Like many at-home spouses of TSR staffers I was trying to figure out a way to tap that game money. I decided to try creating a Legion of Super-Heroes game. That meant a character generator system and that meant I needed a method that accounted for the 30-odd superpowers powers by the Legionnaires PLUS who knows how many more powers they’d encounter.

The Power list was off to a good start when I had my ”Barry Allen moment.” At a TSR staff meeting my wife Karen mentioned my project. Over dinner she explained the situation, then asked if I could make it fit the Marvel game– ”Sure, no problem.” — and could I have it ready in 90 days? — ”Uh, sure? No… problem…?”

That night she helped me wrote a product proposal and a couple days later I had a contract.
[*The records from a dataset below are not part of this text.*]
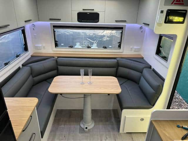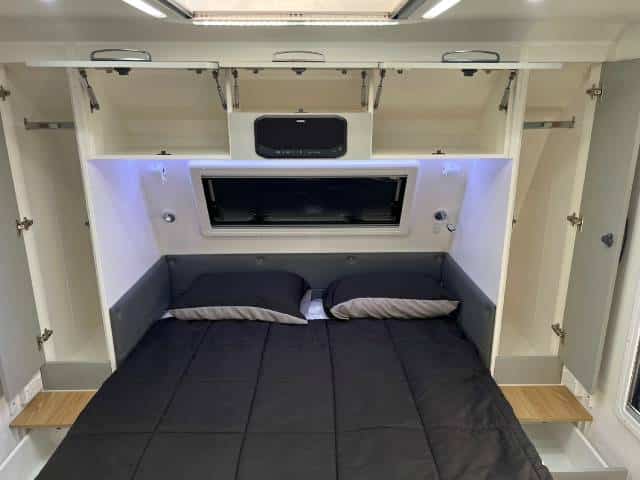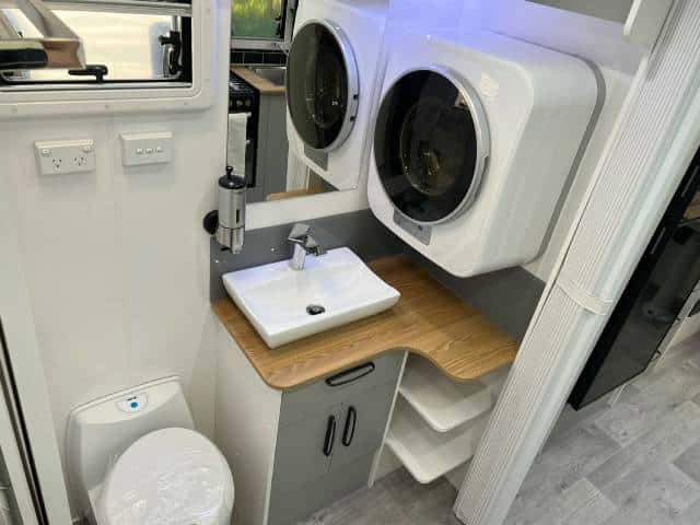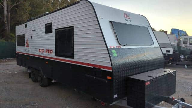 The stylish Big Red 22 incorporates a new Fusion entertainment system, sleek exterior and LED strip lighting through to internal features including full en-suite, large fridge, fully functional stylish kitchen including ceramic microwave, front loader washing machine and USB inputs throughout.
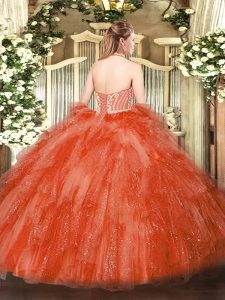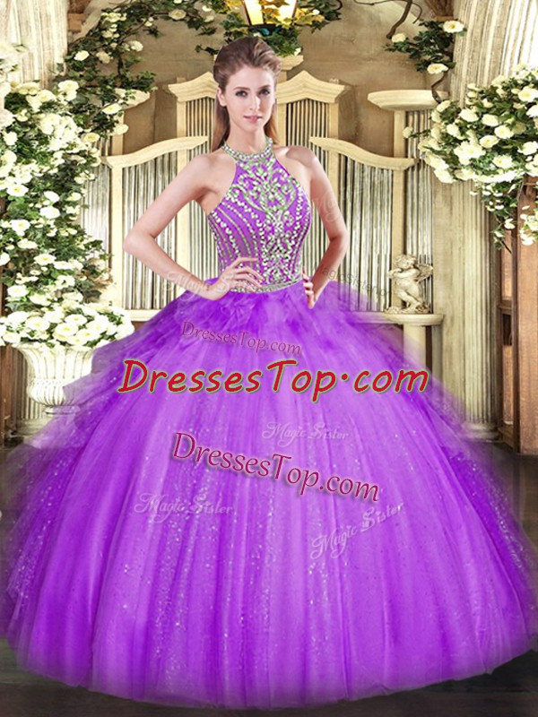 Attractive Lavender Halter Top Lace Up Beading and Ruffles Sweet 16 Quinceanera Dress Sleeveless
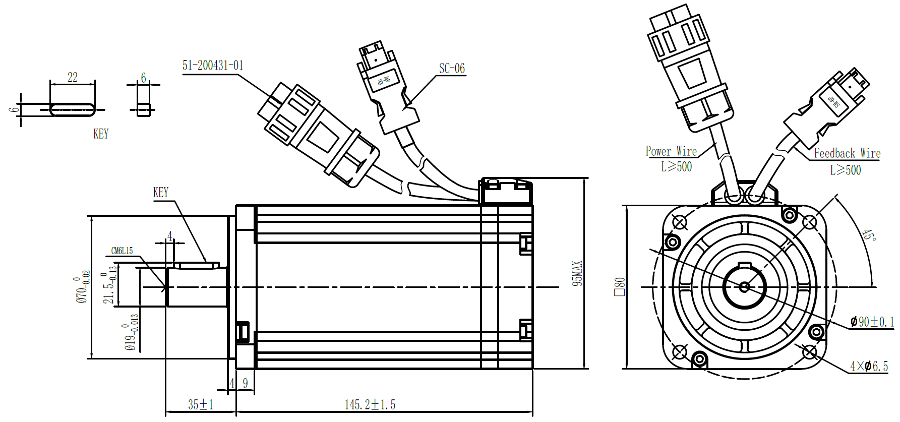 1500W DC-servo motor met absoluut encoder, incl. houdrem
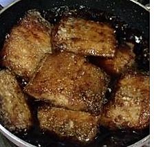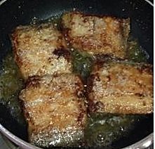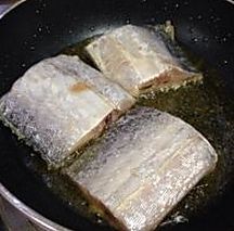 将带鱼下锅油炸至两面呈金黄色时,捞出控油
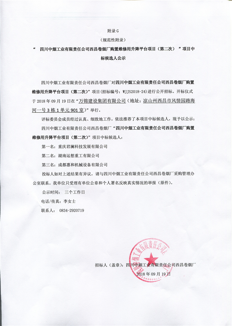 四川中煙工業有限責任公司西昌卷煙廠“四川中煙工業有限責任公司西昌卷煙廠購置維修用升降平臺項目(第二次)”項目中標候選人:
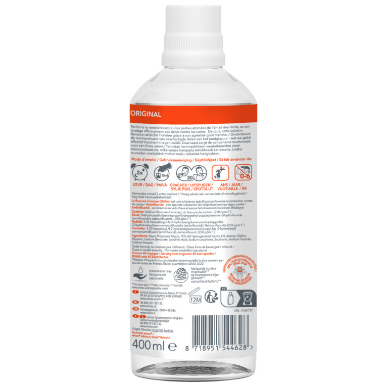 Le laboratoire ELMEX a conçu des produits d’hygiène dentaires reconnus par des dentistes pour des soins d’hygiène bucco-dentaire, blancheur des dents, prévention caries,… ANTI-CARIES SOLUTION DENTAIRE d’ELMEX permet de nettoyer les endroits où une brosse à dents ne peut pas aller et de protéger l’émail des dents contre les caries. Spécialement destinée aux adultes et enfants à partir de 6 ans, elle est composée de fluorure d’amines Olafluor, pour empêcher les attaques d’acides de sucre de la plaque dentaire d’abîmer l’émail, pour éviter la formation de caries et renforcer les dents. Sans alcool, goût agréable, ANTI-CARIES SOLUTION DENTAIRE d’ELMEX reminéralise les dents en laissant un voile frais et protecteur. Les dents sont plus résistantes aux attaques de sucre et à la formation de caries en complément d’un brossage des dents au quotidien. Idéal pour les porteurs de bagues orthodontiques.
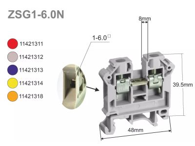 Opakowanie zbiorcze zawiera 50 szt.Napięcie znamionowe 800V Prąd znamionowy 41A. Przeznaczenie: do łączenia przewodów Al/Cu, montaż: TS 35, szer/wys/gł. 39,5x48x8mm
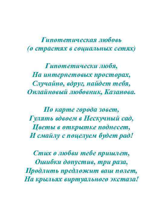 Гипотетическая любовь (о страстях в социальных сетях) Гипотетически любя, На интернетовых просторах, Случайно, вдруг, найдет тебя, Онлайновый любовник, Казанова. По карте города зовет, Гулять вдвоем в Нескучный сад, Цветы в открытке поднесет, И смайлу с поцелуем будет рад! Стих о любви тебе пришлет, Ошибки допустив, три раза, Продлить предложит ваш полет, На крыльях виртуального экстаза!

Deep breath….. Now all I had to do was convert a stack of index cards and my research into the longest thing I had ever written, make it compatible with a game I had never played, make it consistent with a comic book like I mostly disliked, and quick learn how to do it all on an early-80s computer terminal Karen borrowed for TSR.

A lot of long nights followed. A lot of Karen asking ”When are you coming to bed?” and being answered ”AS SOON AS i finish this section”…. And then when I finally mentally stepped back from the green screen Karen was dressed for work and her expression was not a happy one.
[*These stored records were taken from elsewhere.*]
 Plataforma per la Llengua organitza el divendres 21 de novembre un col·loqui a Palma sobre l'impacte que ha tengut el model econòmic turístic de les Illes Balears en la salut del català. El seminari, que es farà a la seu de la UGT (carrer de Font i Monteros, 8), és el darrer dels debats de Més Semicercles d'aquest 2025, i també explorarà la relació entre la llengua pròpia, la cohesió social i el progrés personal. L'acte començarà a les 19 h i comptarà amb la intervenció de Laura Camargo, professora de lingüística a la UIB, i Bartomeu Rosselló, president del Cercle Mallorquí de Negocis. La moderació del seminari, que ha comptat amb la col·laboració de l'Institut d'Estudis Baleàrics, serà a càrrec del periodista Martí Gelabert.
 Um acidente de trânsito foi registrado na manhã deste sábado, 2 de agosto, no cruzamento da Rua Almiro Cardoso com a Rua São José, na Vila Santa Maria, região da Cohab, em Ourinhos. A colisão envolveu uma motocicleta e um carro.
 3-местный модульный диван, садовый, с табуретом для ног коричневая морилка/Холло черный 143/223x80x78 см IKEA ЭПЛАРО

The writing schedule was so constricted there was no time for her to actually edit anything. We agreed my spelling and grammar skills were sufficient for the task. As far as TSR knew, she was the editor and thus we got the that check too.

Mostly the book was written in a semi-conversational stream of consciousness manner. I had my index cards and I had my sheet of graph paper marked ”90 PAGES.” I started writing at one end and just dashed thru the page count. Looking at the book section one can see the beginning sections are terse [=”I don’t know how much room I will actually need”]. The middle sections grow more verbose [=”Oops, I still have the rest of the page count to fill.”]. The final sections grow more carefully spaced as I kept an eye on my remaining available page count. It was kinda like parallel parking at the end of looooong road trip.
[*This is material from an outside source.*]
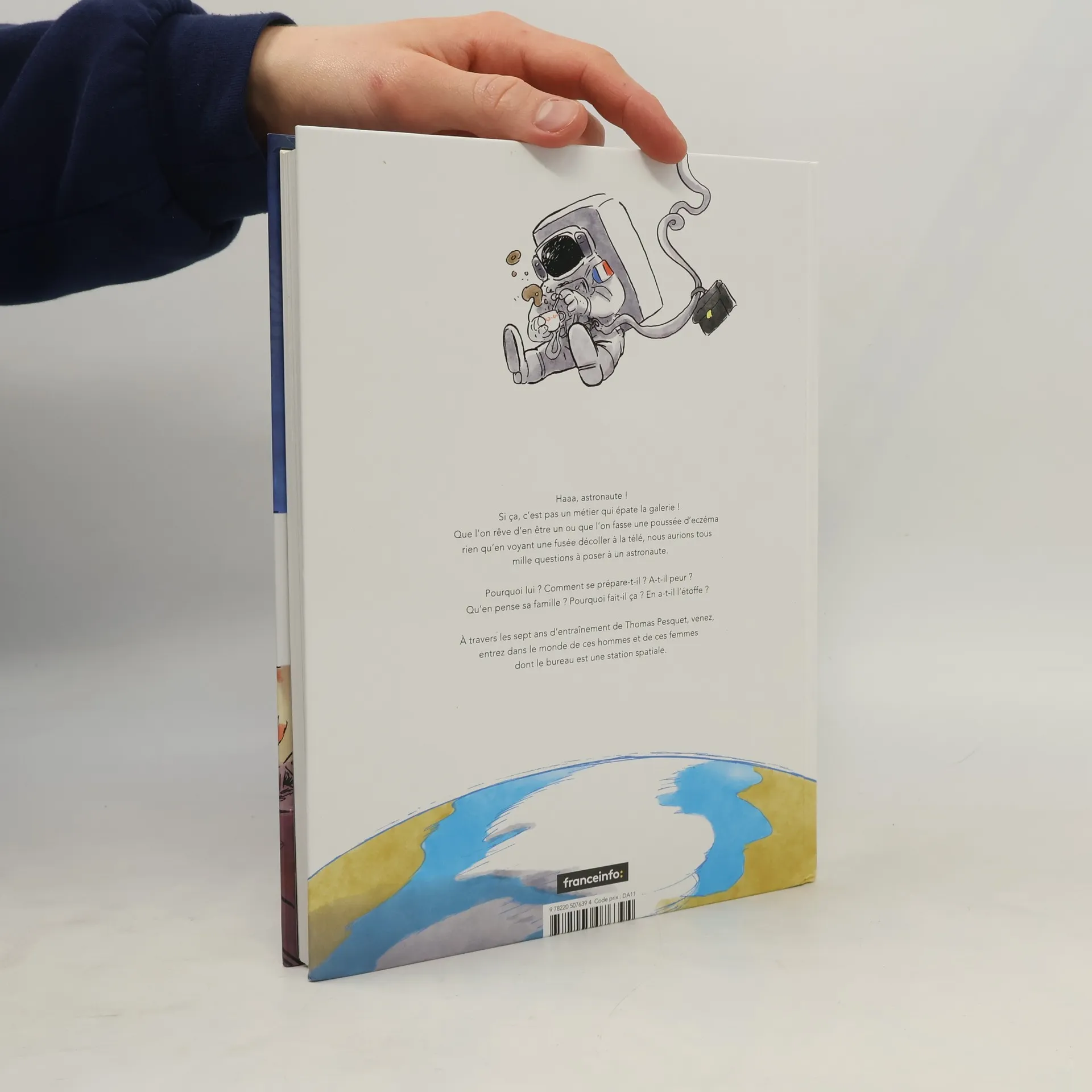 Haaa, astronaute ! Si ça, c'est pas un métier qui épate la galerie ! Que l'on rêve d'en être un ou que l'on fasse une poussée d'eczéma rien qu'en voyant une fusée décoller à la télé, nous aurions tous mille questions à poser à un astronaute. Pourquoi lui ? Comment se prépare-t-il ? A-t-il peur ? Qu'en pense sa famille ? Pourquoi fait-il ça ? En a-t-il l'étoffe ? À travers les sept ans d'entraînement de Thomas Pesquet, venez, entrez dans le monde de ces hommes et de ces femmes dont le bureau est une station spatiale.

Although the TSR format called for the book to end in a game adventure based on the preceding material I realized early on I had no room for one. Which was good because I had no idea what the Don Heck I would have written anyway.

…………………

THE ULTIMATE POWERS BOOKS was released 1 March 1987. Aside from the necessary placement in TSR’s big catalog it never received any publicity… or even notice, actually. The closest thing I got to a review was a downtown Madison Wisconsin game shop clerk who did a quick leaf through the pages, shook his his head, and pronounced ”It’s not going to sell. No pictures. Gamers want pictures.”

…………….

As far as I knew the book went out and disappeared into the seas of the ’80s RPG marketplace.

Fast forward to 1990 when I was working as a supervisor at a B.Daltons in Cedar Rapids.

A couple 12-year-olds came in and asked if they could order a book. They each wanted a copy of the UPB.

With a straight face I asked if they wanted the author to inscribe their copies.

”IS THAT POSSIBLE? in stereo.

”Sure. I wrote it.”

The kids were kinda how I learned the UPB sold out I got them their copies, including a couple more their friends subsequently ordered.

Then about a month after that I decided to buy a spare copy for myself. Discovered the two distributors were sold out

At GenCon that year the booth no longer had any.

…………….

I think I got about 20 letters, postcards, and very early e-mail form early buyers. A lot of nitpicking but that was actually helpful.

Especially since it resulted in my ”OH F***!!!! ” moment, the discovery of small rubber-banded stack of Self Alteration Powers that got misplaced and thus lost their spot in the book…..

The missing Self Alteration Powers saw print as the first ULTIMATE ADDENDA article in DRAGON.

Eventually a Chicagoan named ”Zan” restored them to their proper place in his creation, the fIrst PDF edition of the UPB.

”The ZAN EDITION” served as the seed for, I dunno, 6? 8? later editions by others.

The UPB’s sole print run was 50,000 copies. I have no idea how many thousands of times the family of UPB PDFs have been downloaded.